We further compared the degree of sensitization to inhaled allergens between the two groups of patients who visited the hospital in different seasons and found that the degree of sensitization to d1 and mx5 showed higher in the allergic asthma with AR group during the spring (P = 0.036 and 0.019, respectively). In the summer, the allergic degree of d2, mx2, and wx5 in the allergic asthma with AR group were higher than those in the allergic asthma without AR group (P = 0.021, 0.039, 0.040, respectively). In the fall, the allergic degree of d1, d2, and wx5 in the allergic asthma with AR group were significantly higher than in the allergic asthma without AR group (P = 0.046, 0.033, 0.021, respectively).

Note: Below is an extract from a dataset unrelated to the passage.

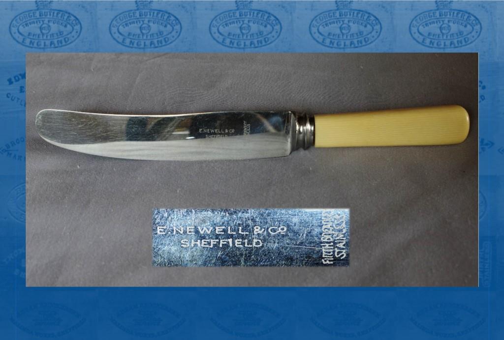 By the mid-1920s, Newell’s had relocated to 226 Solly Street. Thomas Newell died at the hospital in Herries Road on 5 July 1929, aged 72. He left £1,229 to his widow, Mary Ann. After 1934, the firm’s address was 124 Scotland Street. In 1950, Newell’s advertised in The Ironmonger Diary a wide range of cutlery: spoons and forks, fish and fruit eaters, pen knives, cased goods, and bread and table knives. The firm survived into the 1960s but had apparently ceased business by 1965.
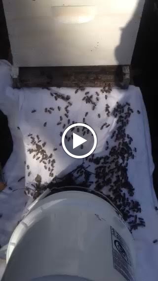 | The swarm is dumped from a large sugar lined bucket at the base of a new hive on a white sheet. For some reason that white sheet makes them march right up and into the hive. Who knew??? |

In addition, the patients visiting the hospital in the winter from asthma with AR group showed a higher allergic degree of d1 and d2 when compared to those from allergic asthma without AR group (P = 0.001 and 0.017, respectively) [Supplementary Table 4].
As a region with four distinct seasons, a change of seasons will inevitably lead to environmental changes that affect the distribution of various allergens in the environment.[4] We found that the rate of sensitization to each inhaled allergen was different in the patients visiting the hospital for the first time in different seasons. However, the rates of sensitization to d1 and d2 were always dominant in the patients from different seasons. A multi-center investigation in China found that dust mites were the main allergens of asthma and AR, which was basically consistent with our results. We also found that the positive rates of allergic detection to wx5, tx5, and w6 during fall were higher than in other seasons, and there were more patients with AR in the fall, while mold had the highest positive rate in summer. Therefore, we should strengthen the management of patients with allergic asthma who visited the hospital in the summer and in the fall. These results can provide more detailed guidance to local medical institutions on ways to prevent and control seasonal allergens, and thereby reduce the risk for asthma exacerbations.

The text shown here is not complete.